From the entries below, print exactly the span beginning with the line holding "Jeans skinny azul" and ending with the line holding "その先で川崎街道と鎌倉街道が交差しています。", endpoints included, and skip any pictures.

::: RECORDS SUPPLIED

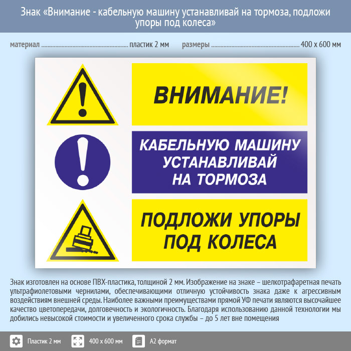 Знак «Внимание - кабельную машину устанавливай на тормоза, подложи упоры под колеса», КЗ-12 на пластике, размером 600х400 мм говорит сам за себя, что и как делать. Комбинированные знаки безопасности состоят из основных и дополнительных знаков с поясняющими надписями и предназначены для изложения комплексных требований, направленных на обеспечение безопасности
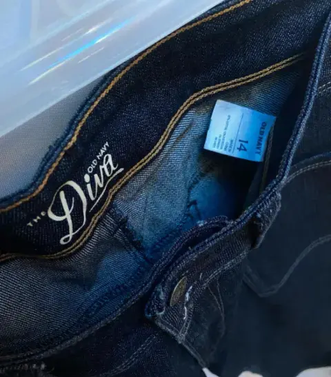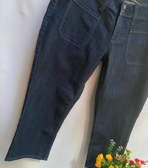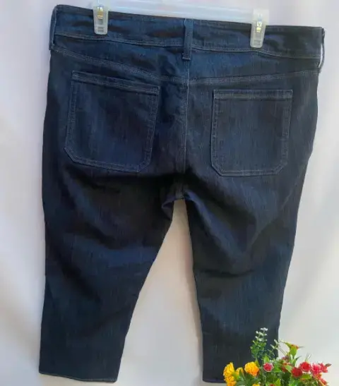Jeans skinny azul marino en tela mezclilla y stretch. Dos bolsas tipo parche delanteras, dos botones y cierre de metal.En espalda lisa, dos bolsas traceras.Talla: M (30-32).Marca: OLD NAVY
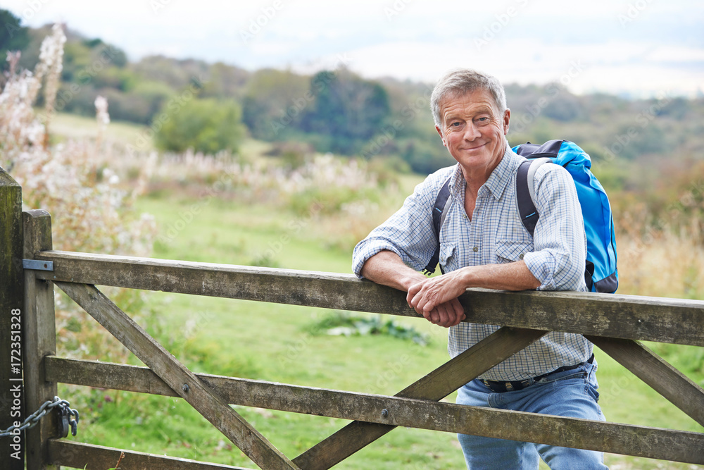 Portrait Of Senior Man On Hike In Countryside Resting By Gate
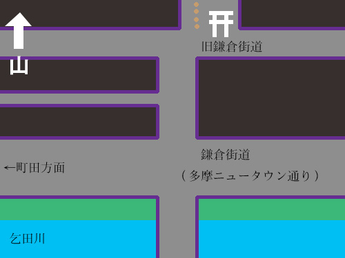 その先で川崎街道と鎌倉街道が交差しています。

::::::
::: RECORDS SUPPLIED

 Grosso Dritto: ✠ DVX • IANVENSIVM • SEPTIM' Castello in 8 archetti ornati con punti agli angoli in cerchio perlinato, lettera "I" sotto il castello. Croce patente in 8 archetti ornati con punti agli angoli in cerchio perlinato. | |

::::::

## EXERCISE SOLUTION
Jeans skinny azul marino en tela mezclilla y stretch. Dos bolsas tipo parche delanteras, dos botones y cierre de metal.En espalda lisa, dos bolsas traceras.Talla: M (30-32).Marca: OLD NAVY
 Portrait Of Senior Man On Hike In Countryside Resting By Gate
 その先で川崎街道と鎌倉街道が交差しています。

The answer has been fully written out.